Exercise requirements
From the entries below, return exactly the lines beginning at the one that contains "คลิกที่ search บน" and ending at the one that contains "#2023臺灣國際熱氣球嘉年華 - 2023-07-11", both of them included, and only those lines.

Task inputs

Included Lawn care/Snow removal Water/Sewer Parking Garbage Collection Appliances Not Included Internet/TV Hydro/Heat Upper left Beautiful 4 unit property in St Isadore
* * *
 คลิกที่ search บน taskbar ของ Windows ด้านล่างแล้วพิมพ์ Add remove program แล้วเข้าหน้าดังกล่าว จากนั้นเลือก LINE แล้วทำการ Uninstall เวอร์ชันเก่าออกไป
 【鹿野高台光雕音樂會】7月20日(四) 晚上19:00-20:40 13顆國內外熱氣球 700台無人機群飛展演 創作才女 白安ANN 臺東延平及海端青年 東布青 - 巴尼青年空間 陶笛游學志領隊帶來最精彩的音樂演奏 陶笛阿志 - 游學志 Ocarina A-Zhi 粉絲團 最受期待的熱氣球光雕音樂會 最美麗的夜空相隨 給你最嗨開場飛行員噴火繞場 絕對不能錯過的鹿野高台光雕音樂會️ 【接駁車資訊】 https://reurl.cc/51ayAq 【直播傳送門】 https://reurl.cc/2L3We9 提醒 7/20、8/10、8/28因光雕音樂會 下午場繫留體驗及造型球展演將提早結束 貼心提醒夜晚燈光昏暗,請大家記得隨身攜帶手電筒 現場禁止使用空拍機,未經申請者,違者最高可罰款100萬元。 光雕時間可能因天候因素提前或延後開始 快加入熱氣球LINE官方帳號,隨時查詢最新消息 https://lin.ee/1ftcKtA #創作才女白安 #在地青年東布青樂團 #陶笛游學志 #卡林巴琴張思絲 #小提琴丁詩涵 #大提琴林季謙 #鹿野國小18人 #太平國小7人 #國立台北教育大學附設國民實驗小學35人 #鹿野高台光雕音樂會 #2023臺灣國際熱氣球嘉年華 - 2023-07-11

Response
 คลิกที่ search บน taskbar ของ Windows ด้านล่างแล้วพิมพ์ Add remove program แล้วเข้าหน้าดังกล่าว จากนั้นเลือก LINE แล้วทำการ Uninstall เวอร์ชันเก่าออกไป
 【鹿野高台光雕音樂會】7月20日(四) 晚上19:00-20:40 13顆國內外熱氣球 700台無人機群飛展演 創作才女 白安ANN 臺東延平及海端青年 東布青 - 巴尼青年空間 陶笛游學志領隊帶來最精彩的音樂演奏 陶笛阿志 - 游學志 Ocarina A-Zhi 粉絲團 最受期待的熱氣球光雕音樂會 最美麗的夜空相隨 給你最嗨開場飛行員噴火繞場 絕對不能錯過的鹿野高台光雕音樂會️ 【接駁車資訊】 https://reurl.cc/51ayAq 【直播傳送門】 https://reurl.cc/2L3We9 提醒 7/20、8/10、8/28因光雕音樂會 下午場繫留體驗及造型球展演將提早結束 貼心提醒夜晚燈光昏暗,請大家記得隨身攜帶手電筒 現場禁止使用空拍機,未經申請者,違者最高可罰款100萬元。 光雕時間可能因天候因素提前或延後開始 快加入熱氣球LINE官方帳號,隨時查詢最新消息 https://lin.ee/1ftcKtA #創作才女白安 #在地青年東布青樂團 #陶笛游學志 #卡林巴琴張思絲 #小提琴丁詩涵 #大提琴林季謙 #鹿野國小18人 #太平國小7人 #國立台北教育大學附設國民實驗小學35人 #鹿野高台光雕音樂會 #2023臺灣國際熱氣球嘉年華 - 2023-07-11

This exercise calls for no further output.